Page 1: Is a cover page, nothing needs to be completed here. Please do read the text. Note that the document can be printed and completed with pen, or alternatively it can be completed on your computer (it is an editable PDF), but even if this document is completed on a device, it still needs to be printed and signed.

Page 2: This page is basic identification —name and address, date of birth, PPS number — and a space for the names and contact information of three people to whom you have given a copy of the directive. (I chose— with their agreement — my wife, my daughter and my GP.) 

Page 3: The third page deals with two general situations. The first is illnesses which make you unable to communicate or make decisions, but which are not actually life-threatening (such as brain damage from trauma or stroke.) The second situation is life-threatening illnesses. In both cases the condition has to be confirmed by two doctors. There is one section for each of these situations.  

I have decided that I don’t want to be kept alive if I am unable to communicate or if I am seriously intellectually impaired without a reasonable chance of recovery. The law enables individuals to refuse treatments and the Advanced Healthcare Directive sets out your preferences about this.  

So, in both scenarios I selected the option, ‘I refuse treatment aimed at prolonging or sustaining my life.’ (Palliative care to relieve suffering is specifically kept as an option.) 

Page 4: The fourth page enables you to choose or refuse specific treatments, such as resuscitation (CPR), artificial ventilation or feeding etc.  

The process is simple: on both pages 3 and 4 you just initial the options you want. (There is also space to put down choices for treatment for any chronic conditions.)  

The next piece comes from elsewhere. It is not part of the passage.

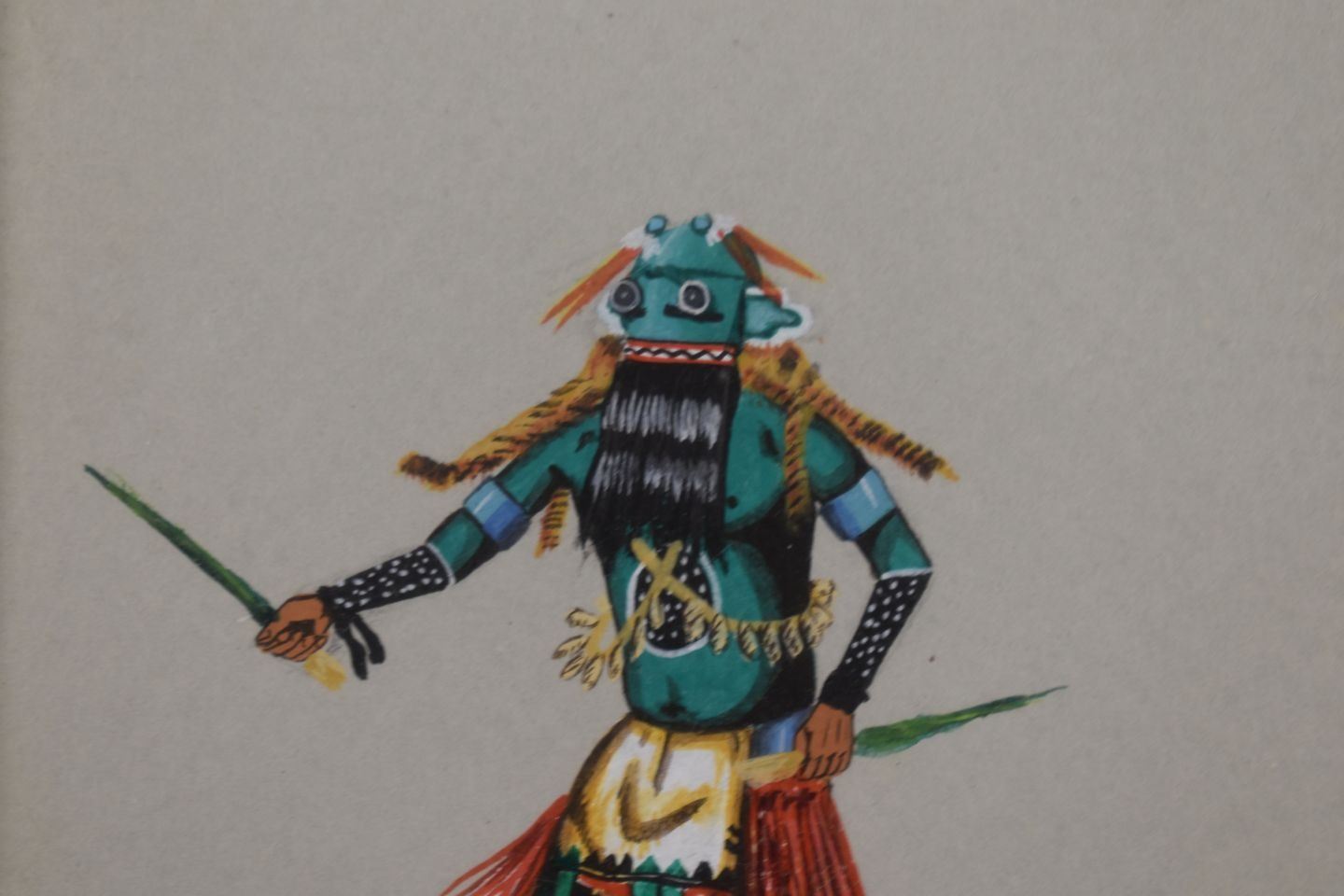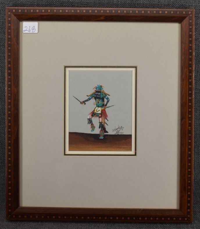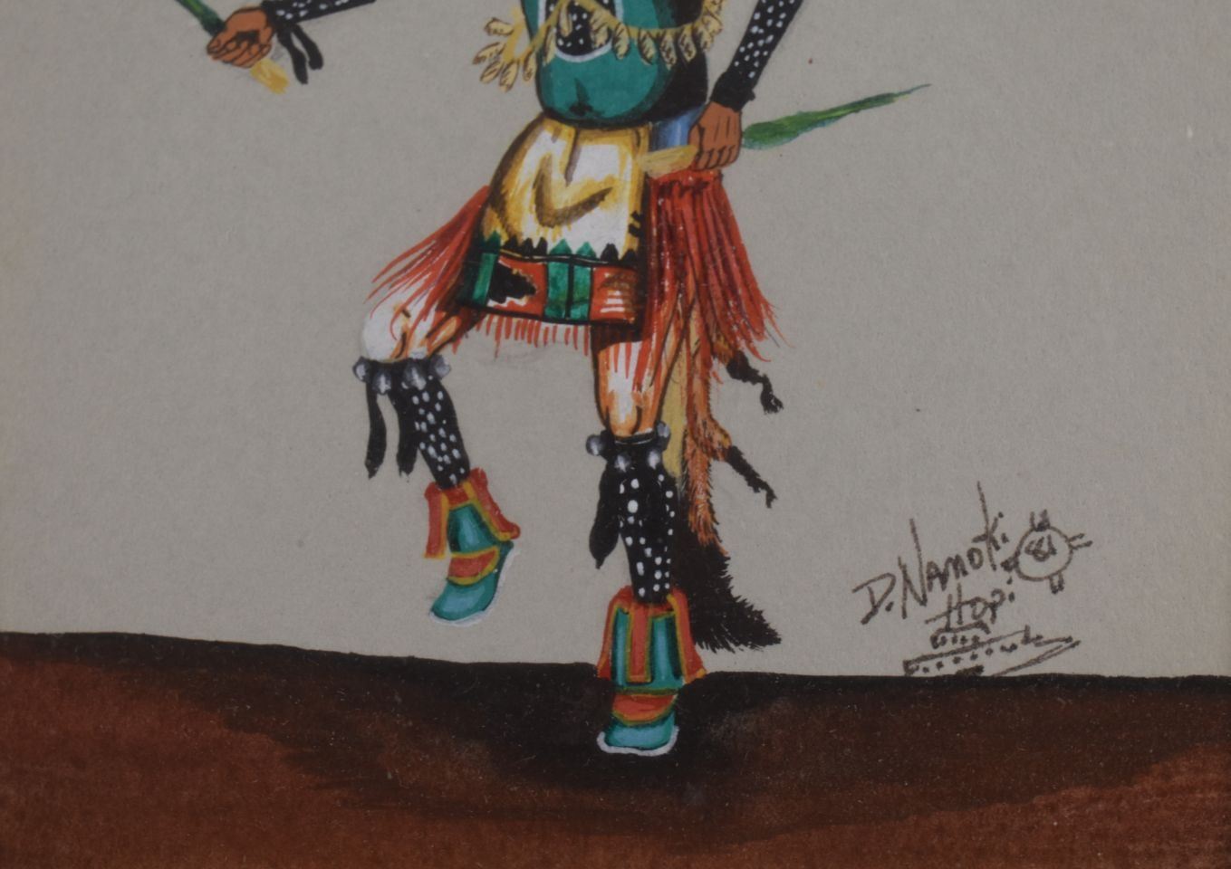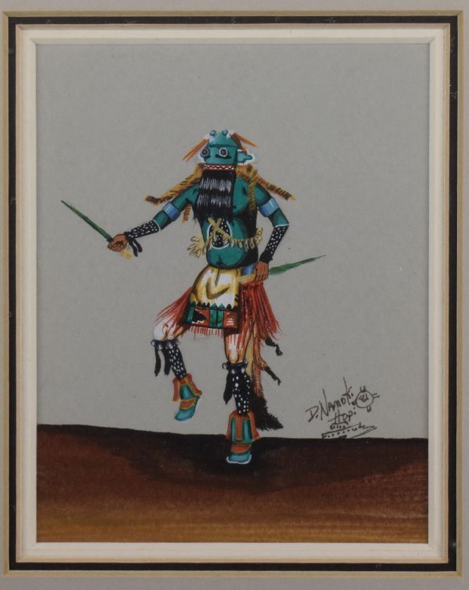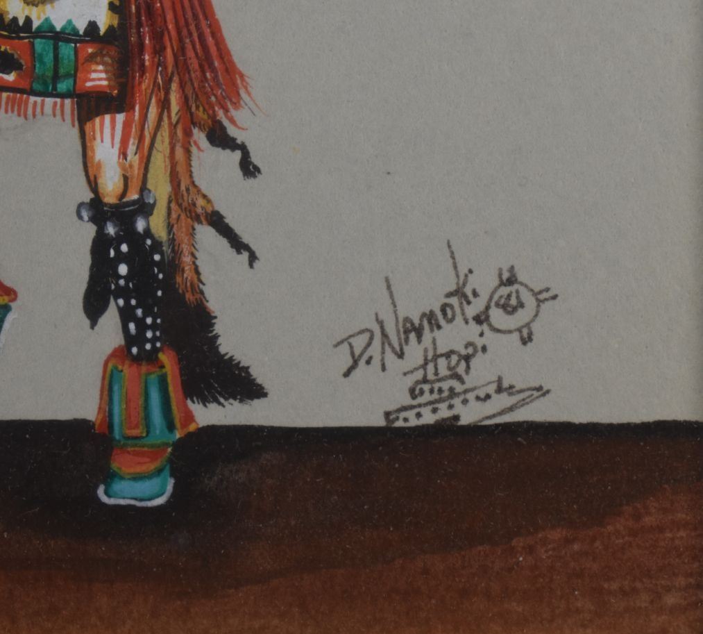 1981 Hopi, original hand painted kachina figure signed D Namoki 4.75" x 3.75" matted and framed to 12.75" x 11"

Page 5: The fifth page names someone you choose to take part in discussions about medical care if you are unable to communicate. That person is described as a ‘health care proxy’ and must sign to show that s/he agrees. Your health care proxy should be someone who knows you well and knows your wishes. Your GP adds his/her details to this page. 

Page 6:  is very simple and gives options for organ donation. Again, you just initial the options you want. (It’s probably a good idea if this does not conflict with the option on your driving licence.) 

Page 7 : Last page (!) is the important legal bit. Two adults must witness you sign the document, add their signatures, addresses and the date. (A couple of neighbours did mine for me during the first lockdown!)